МАРИЯ. Это я надеюсь, что не пьяный. К чему ты это, Гоц?
ГОЦЛИБЕРДАН. Если ты останешься в Сумерках, я мог бы заехать к тебе.
МАРИЯ. Я на работе. Ты должен повесить трубку, или я сделаю это сама.
ГОЦЛИБЕРДАН. Я всё так же люблю тебя, моя киска.
IV
Кочубей,
КОЧУБЕЙ. Откуда у вас такой хороший русский?
МОРФИН. О, спасибо. Не очень хороший. Я родился в России. Точнее, я родился в Советском Союзе. Я жил здесь до шести лет. И до шести лет говорил только по русскому.
КОЧУБЕЙ. Очень интересно. А кто ваши родители?
МОРФИН. Так, помните, спрашивали большевики: а ваши кто родители? что вы делали до семнадцатого года.
КОЧУБЕЙ. Нет-нет, что вы, я не в том смысле…
МОРФИН. Отец – шахматист. Мать – мещанка. Они уехали из СССР в 78-м году. Я учился в Америке.
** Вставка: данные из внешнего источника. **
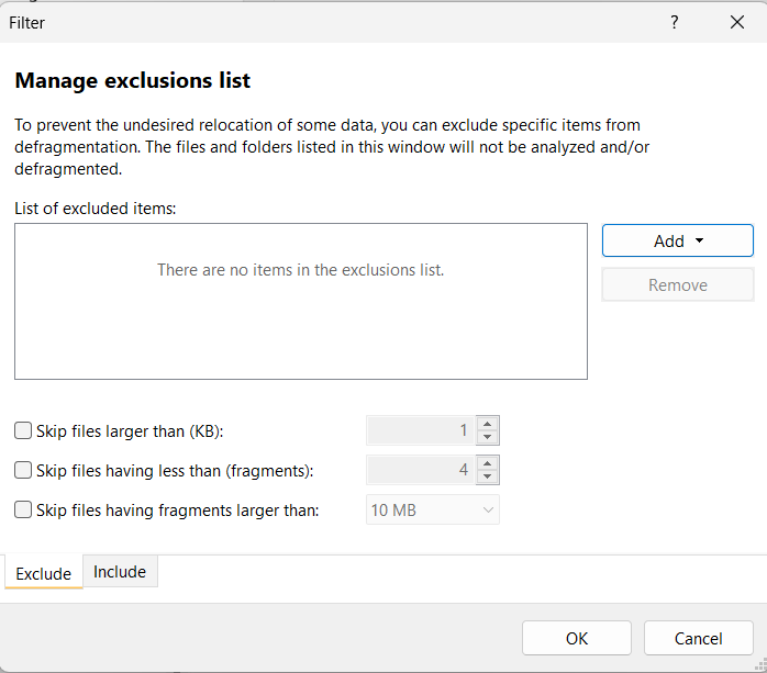 - Exclude selected files and folders from the defragmentation process. You can also exclude based on file size.
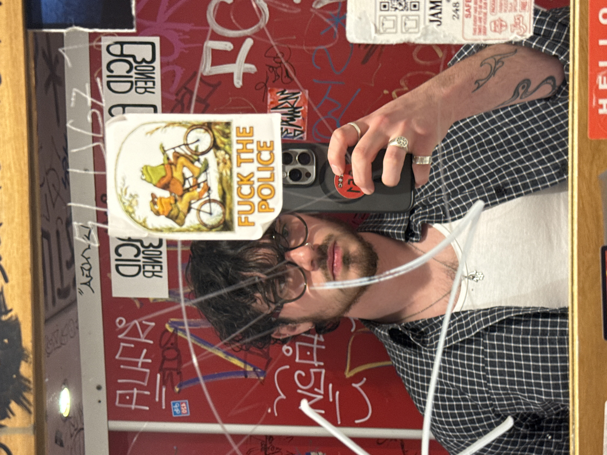 A selfie is taken in front of a graffiti-covered mirror. The person holds a smartphone with a black case and a red sticker on the back. The person has dark hair, glasses, and a beard, wearing a checkered shirt over a white t-shirt and a necklace. Tattoos are visible on their left forearm. The mirror background shows various stickers, graffiti, and writings, including "FUCK THE POLICE" in orange text. The mirror appears to be in a public space. The location in the city of Unknown, Unknown, is unknown.
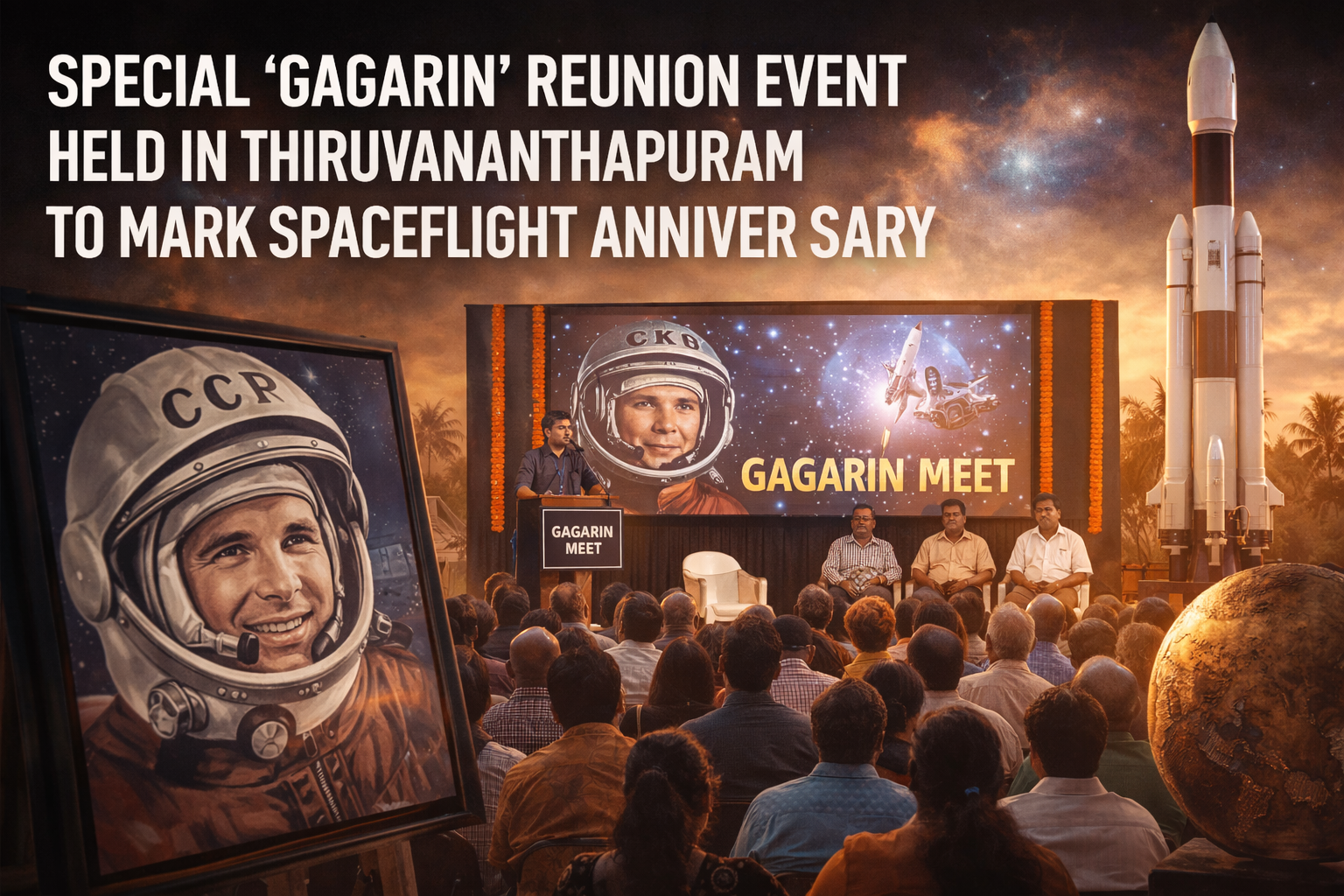 A unique reunion event titled the ‘Gagarin Meet’ was held in Thiruvananthapuram to commemorate the anniversary of the historic first human spaceflight by Soviet cosmonaut Yuri Gagarin. The event brought together a special group of individuals popularly known as Kerala’s “Gagarins,” who share a rare connection with the iconic space mission.
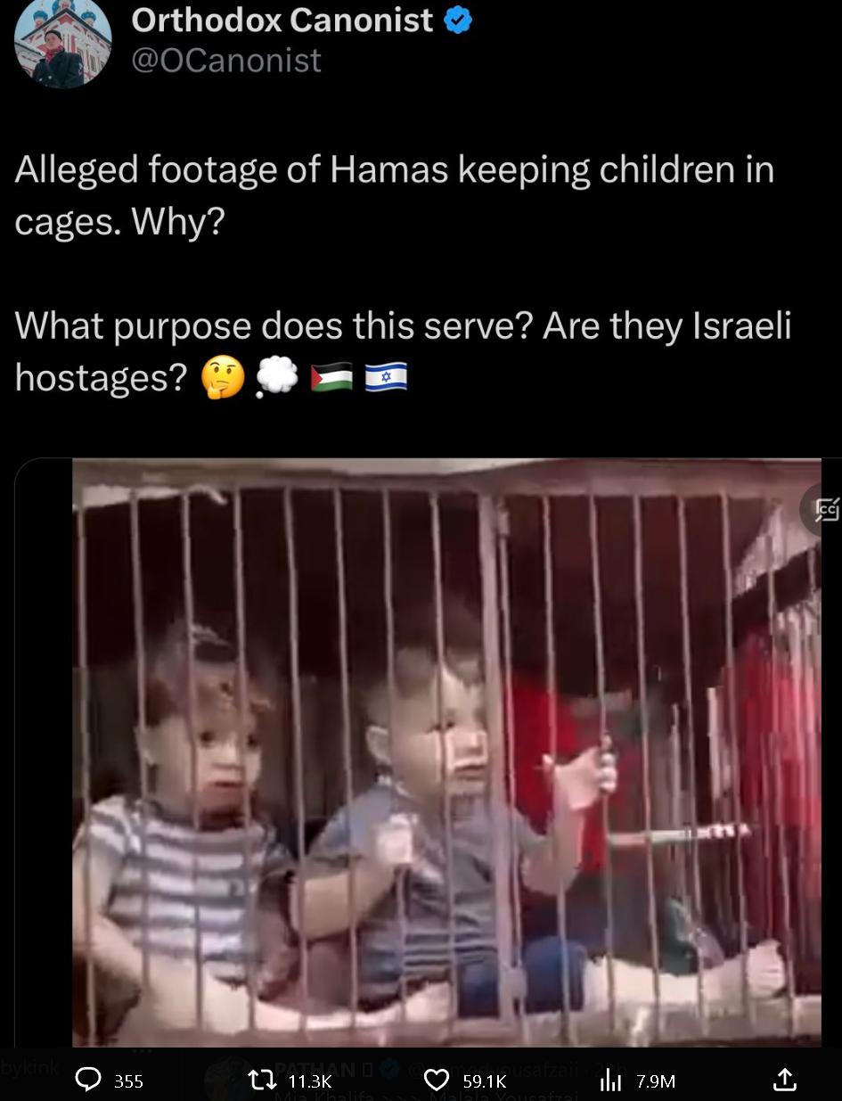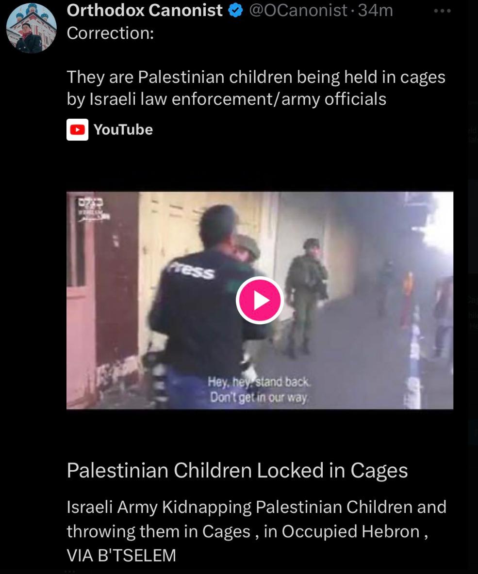 比如,下图中这个境外账号,就误将巴勒斯坦儿童被以色列军人抓走并关入铁笼的画面,误当成了是哈马斯抓走了以色列儿童。直到被许多人指出他搞错了情况后,他才发帖进行了更正。
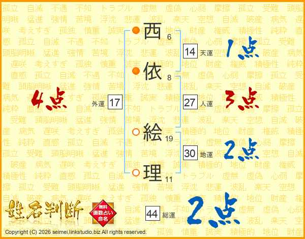 画数の奇数(○陽)と偶数(●陰)の配列で吉凶を占います。どちらかにかたよる名前は大凶名で避ける必要があります。画数の奇数偶数。
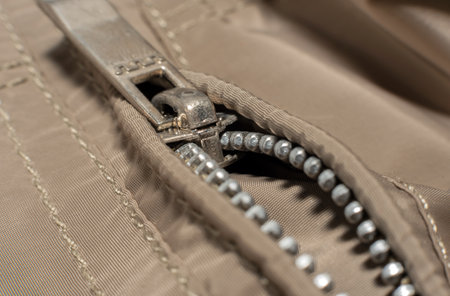 Close-up zip lock on light-colored clothing, jacket. Zipper closure with lock.
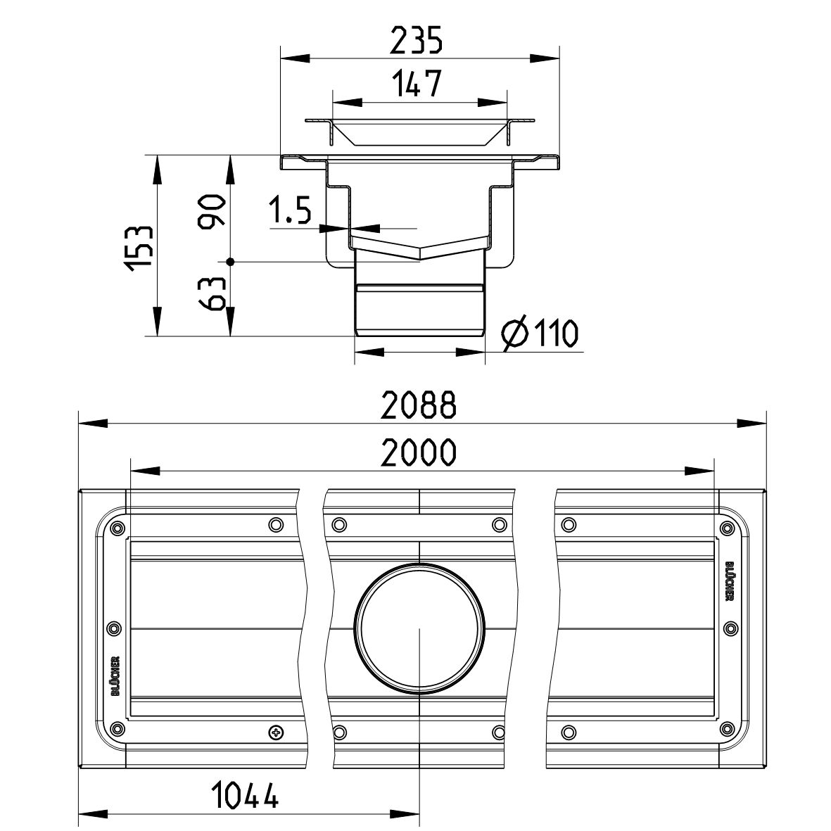 Kanał do winylu 150x2000, z odpływem na środku odpływ DN 110, wymiar zewn. 235 mm x 2088 mm
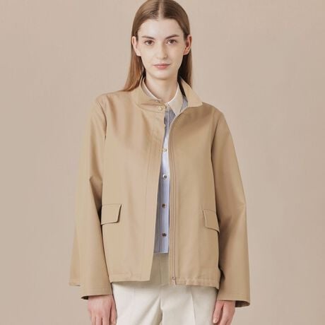 程よく身体から離れたシルエットでリラックス感のあるスタンドカラーのブルゾンです。スカートやワイドパンツとのスタイリングに活躍します。背裏にはストライプの別布を使用しています。同素材のコート(品番:G5A01520)、スカート(品番:G5S01520)、パンツ(品番:G5R14520)もご用意しております。
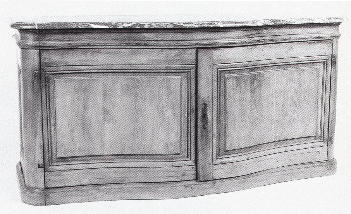 BUFFET DE CHASSE en bois naturel à façade galbée ouvrant à deux vantaux moulurés. Dessus de marbre brocatelle à bec de corbin. Époque Louis XV.
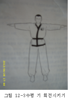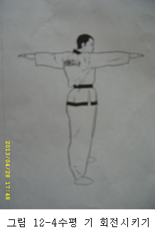 *양 팔이 앞뒤로 수평을 이루게 되면 팔은 고정시킨 상태에서 시선이 손끝을 응시하고 허리를 최대한 틀면서 시선도 함께 손끝을 따라 최대한 돌아간다[그림12-4]
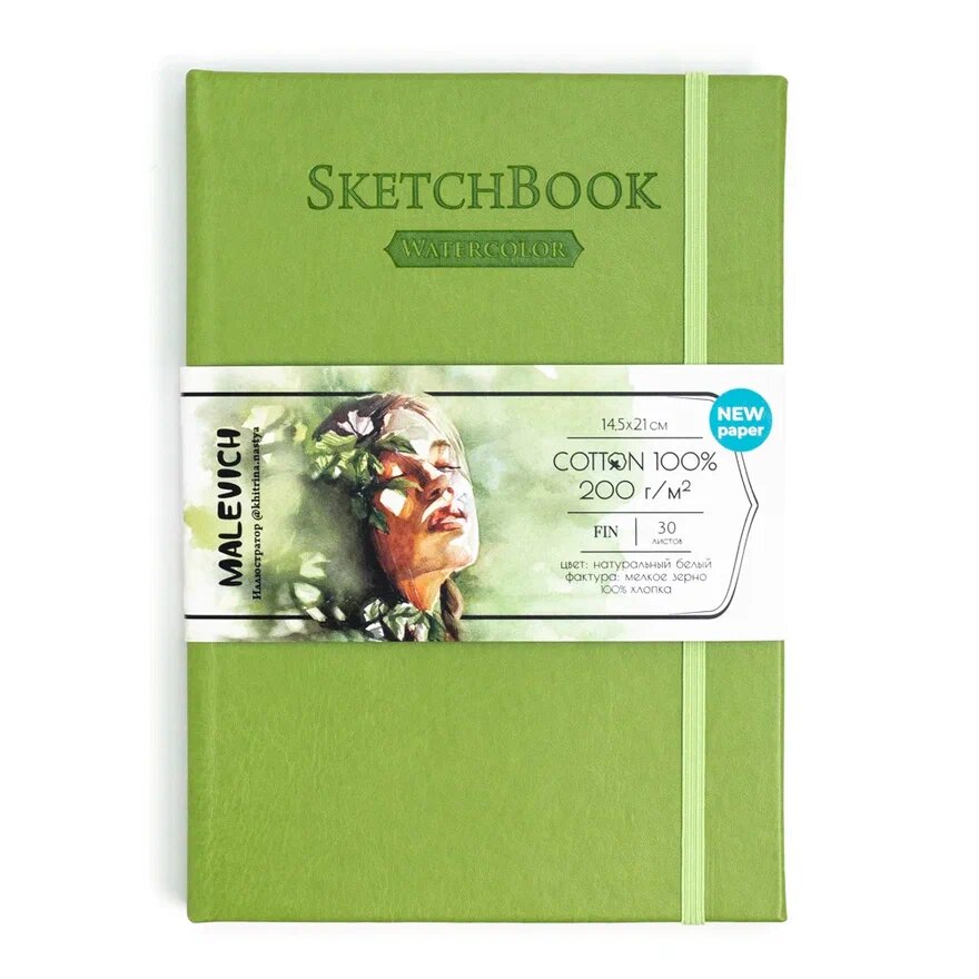 Купить Скетчбук для акварели Малевичъ, 100% хлопок, салатовый, 200 г/м, 14,5х21 см, 30л
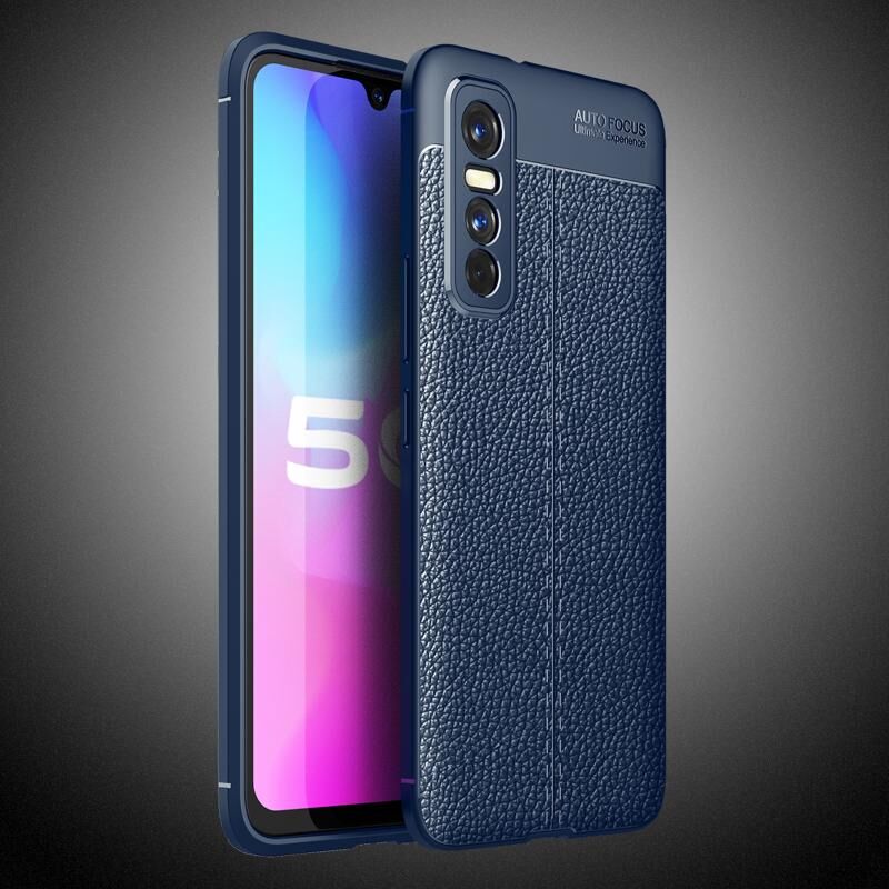 Θήκη προστασίας για vivo Y73s με υφή Litchi από TPU, αντικραδασμική (Μαύρο)
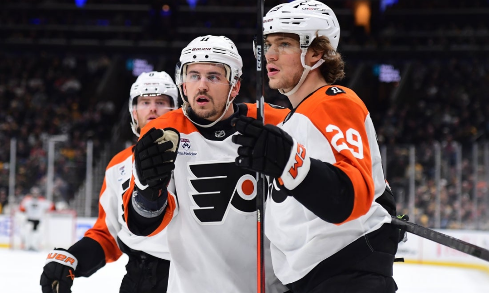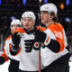 Jan 29, 2026; Boston, Massachusetts, USA; Philadelphia Flyers right wing Nikita Grebenkin (29) is congratulated by right wing Travis Konecny (11) after scoring a goal during...
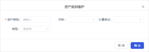 资产类别: 支持输入中文、英文字母,需确保唯一。
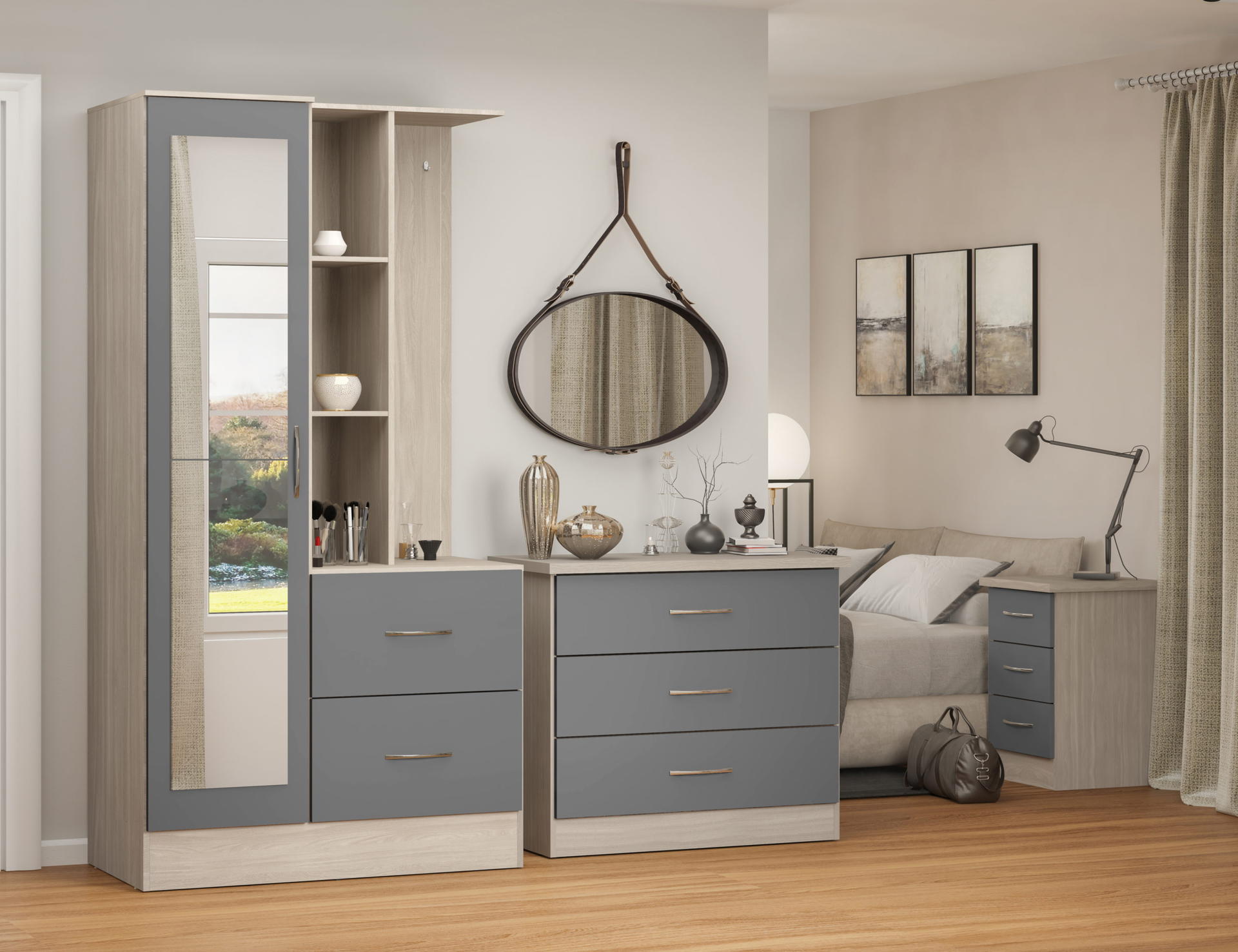 Nevada Mirrored Open Shelf Wardrobe

В школе, колледже и университете.
КОЧУБЕЙ. Как это – мещанка?
МОРФИН. Так по-русскому не называется? Вы слишком похвалили меня. Та, кто сидит дома и занимается домашним хозяйством.
КОЧУБЕЙ. Это домохозяйка.
МОРФИН. Да, домохозяйка. ДОмОхозяйка, так?
КОЧУБЕЙ. Домохозяйка. А вот мой отец был первый секретарь Ташкентского горкома партии. Еще молодым.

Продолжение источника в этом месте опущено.